Aber es gibt noch eine andere Frage: Der Anbieter Quantum Leben und seine Vertriebspartner sind angetreten mit dem Anspruch, man biete einen Honorartarif. Normalerweise sind solche Tarife besonders günstig kalkuliert. Honorarberater verzichten auf Provisionen bzw. Courtagen und erhalten für ihre Beratungsleistung ein Honorar vom Kunden.
Der Tarif der Fondsgebundenen Lebensversicherung der Quantum war seit einem Artikel aus der Zeitschrift Risiko & Vorsorge (Ausgabe 2/2010) umstritten. Neben den neuesten Ungereimtheiten: Der Tarif scheint recht teuer zu sein. Auf die Analyse des Fachmagazins weist der Verbund Deutscher Honorarberater (VDH) in einem Hinweis hin. Der VDH beobachtet immer wieder, dass in Deutschland Anbieter sich das gute Image der Honorarberatung zunutze machen, um teilweise sogar höhere Provisionen, die dann oft anders heißen oder auf anderen Wegen abfließen, zu kassieren.

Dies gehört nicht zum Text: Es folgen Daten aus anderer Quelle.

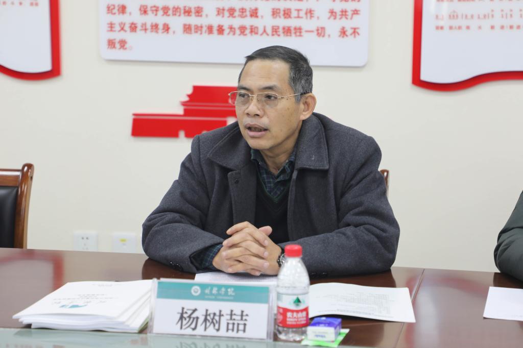 1月11日下午,以自治区政府督学陈杰教授为组长的广西民办高校重点支持建设专业验收工作专家组一行莅临我校,对我校财务管理、数学与应用数学、金融学、法学等四个广西民办高校重点支持建设专业(以下简称“重点专业”)进行现场验收。校长杨树喆、副校长杨庆庆,上述重点专业负责人及所在二级学院院长、人力资源部、学生事务部、财务资产处、后勤保卫处、实验教学与网络信息中心、图书馆、教学科研处主要负责人师生代表参加了当天的验收工作。杨树喆在验收汇报会上致欢迎辞。

Manche - nicht viele - Medienvertreter haben sich in diesem Fall blenden lassen: Die Pressehinweise des Unternehmens in Vaduz sind recht kurz. Zuletzt hatte laut Homepage von Quantum die Zeitschrift “Das Investment” etwas unspezifisch ”Die Lebenspolice à la Markowitz” vorgestellt. In der aktuell etwas unangenehmen Situation für das Unternehmen in Liechtenstein ist ”Das Investment” jetzt besser informiert als das Unternehmen selbst (auf der Homepage sucht man vergeblich nach einem Hinweis auf die aktuelle, ungewöhnliche Situation - abgerufen am 19.08.2010 um 2.47). Aber zurück zu den Tarifen: Courtage- und Provisionszahlungen würden ausgezahlt heißt es in dem Artikel von Investment.

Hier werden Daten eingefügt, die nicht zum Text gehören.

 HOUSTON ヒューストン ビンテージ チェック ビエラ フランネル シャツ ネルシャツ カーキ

Das wirft neue Fragen auf: Der Hinweis muss nämlich für einen anderen Tarif gelten, denn in Honorartarifen (ein Interview mit dem Leiter Vertrieb und Marketing der Quantum), sehen zumindest in Deutschland gar keine Provisionen vor. Das ist sogar in einer Quasi-Legaldefinition im Versicherungsbereich so festgelegt. Die deutsche Versicherungsaufsicht hat in einer schon etwas älteren Verordnung ein Provisionsabgabeverbot für “echte” Berater im Versicherungsbereich vorgesehen, um Vermischungen zwischen Beratern und Vermittlern zu verhindern.
Für Verbraucher ist die Situation jedenfalls oft unbefriedigend, da sie auf manche Begriffe vertrauen und dann bitter enttäuscht werden können. Quantum wird nach der Aktion der Finanzaufsicht vermutlich Probleme haben, den eigenen Vertrieb hierzulande wieder anzukurbeln. Neue Zweifel scheinen nach den Hinweisen aus dem Unternehmen zudem angebracht zu sein: Ob der Tarif für die Fonds-Leben ein echter Honorartarif ist!?







Kommentare
Klaus Gansterer
19 August 2010 um 01:08
Also meines Wissens und auch meiner Erfahrung nach ist die Honorarberatung eigentlich das, was ich als Anleger am meisten empfehlen kann. Ich habe in Österreich viele Möglichkeiten ausprobiert und bin schließlich bei der Capital bei einem Honorarberater gelandet und damit höchst zufrieden! Ich würde mir aber nie einen völlgi unabhängigen Berater nehmen, sondern nur jemanden, bei einer Bank, der ich auch vertraue. Grundsätzlich denke ich, dass ab einem gewissen Kapital das beste sicher der WEg der Honorarberatung ist! Muss man sich aber eben auch “leisten” können!
Frommholz
19 August 2010 um 03:08
Ich bin überzeugter Honorarberater VDH: Trotzdem vertrete ich die Meinung, dass ein Honorarberater nicht von vornherein der bessere Berater ist. Da er andere Beratungsmotive hat (Aufwand ist entlohnt) kann er tendenziell freier und unabhängiger beraten. Leider ist es aber zur Masche geworden, sich Honorarberater zu nennen, aber trotzdem auch Provisionen zu kassieren. Es gilt also, Verbraucher nicht nur auf die Möglichkeit hinzuweisen, dass Honorarberatung eine andere, gute Form der Finanzberatung ist, sondern gleichzeitig ihn auch vor Mischformen zu warnen. Diese sind nämlich m.E. verwerflicher als eine vernünftig kommunizierte Finanzberatung auf Provisionsbasis.